Running back Matt Forte is the Bears’ best player, and it’s not even close at this point. While big-name receivers Brandon Marshall and Alshon Jeffery are certainly talented, and tight end Martellus Bennett is capable of making a big contribution, it’s Forte who comes to play every week and always does the job.
Forte is a beast who has rushed 111 times for 448 yards and scored three touchdowns. He is also the team’s leading receiver with 52 catches for 436 yards and two touchdowns. Forte is a sensational athlete who can avoid tacklers when he’s running the ball and adjust to Cutler’s off-target throws and bring them in. He needs to get the football throughout the game.
The Patriots are going to come at the Bears with Darrelle Revis and Brandon Browner at the cornerback positions. They are capable of slowing down – if not shutting down – Marshall and Jeffery. But the Patriots will not have middle linebacker Jerod Mayo or defensive end Chandler Jones.
Mayo was injured in Week Six vs. the Buffalo Bills, and he was the Patriots’ best all-around defensive player. Jones is a top-notch pass rusher, but he was also solid against the run. Jones has a hip problem that will keep him out for a month, while Mayo’s knee injury will keep him on the sidelines for the rest of the year.
The one-dimensional Jets tore apart the New England defense with Chris Ivory running the ball last Thursday night. Time after time, the Jets offensive line opened creases for Ivory who ran with a nasty edge and gained 107 yards on 21 carries. Chris Johnson, who is supposed to be the Jets’ No. 1 runner, gained another 61 yards on 13 carries.
The Patriots are almost certainly going to be able to adjust to life without Mayo and Jones, but not right away. The Bears are catching the Pats at the right time.

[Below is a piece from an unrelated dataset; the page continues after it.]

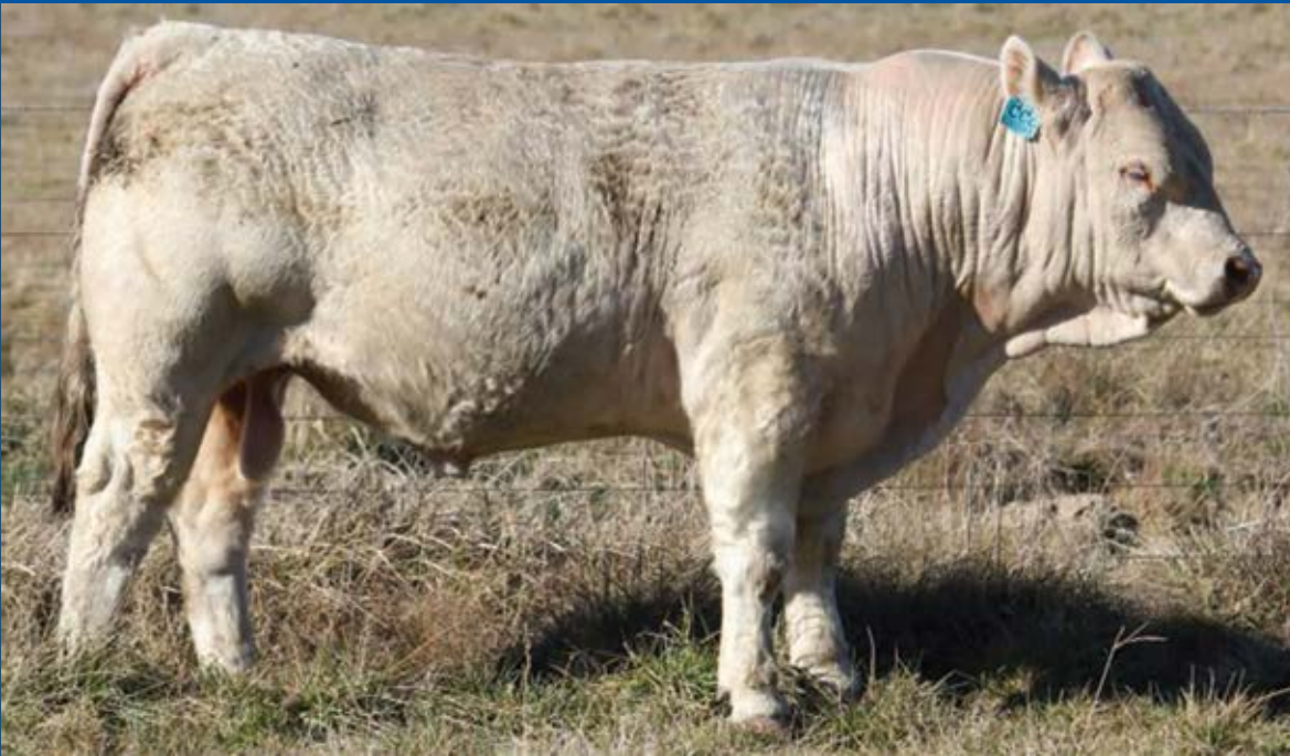
LOT 22 Wakefield Skyhooks (P/S) BIS S55E

The Bears have a chance if they try to play old-school football and shove the ball down the Patriots’ throats. However, if they try to challenge Revis with Marshall or Jeffery and try to beat New England with long or medium routes, that will play right into New England’s hands.

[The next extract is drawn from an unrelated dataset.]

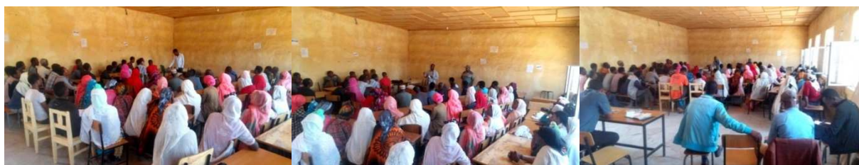
Figure 2. Introductory training given to Farmers, DAs, Animator, SMS and others participants.
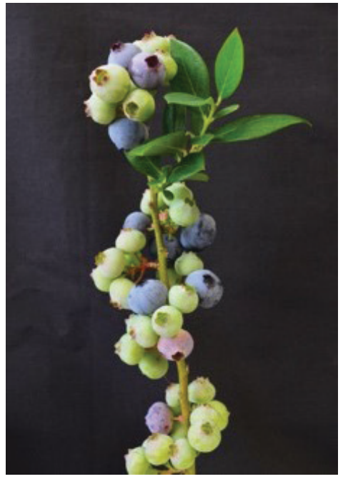
Figure 15. 'Endura'™. Credits: UF Blueberry Breeding Program

Due to somewhat higher chilling requirements, 'Indigocrisp' ^{\text{TM}} appears best adapted to regions with chilling similar to or greater than Gainesville, Florida.

The Patriots are vulnerable against the run, ranking 24th in yards allowed. However, Belichick’s crew can play pass defense, as they rank first in that department.
Whatever the Bears do, they don’t want to get into a must-throw situation. If they get behind by double-digits and Cutler and Trestman decide to throw the ball on nearly every play, that’s not going to work. Cutler may be able to throw the ball as hard and far as anyone in the league, but he makes too many mistakes.
His stats are not terrible, as he is completing 67.3 percent of his passes and he has a 14-7 TD-interception ratio. However, when the Bears need Cutler to make a big throw in the second half, that’s when he makes his mistakes.
Notice we haven’t mentioned Cutler’s scowling face and sulking demeanor. Those factors don’t work in his favor, but the Bears don’t lose big games because he has “punch-me” face. They lose because the Cutler-Trestman combination is not a good one, and if they try to depend on the passing game here, they will have another long afternoon.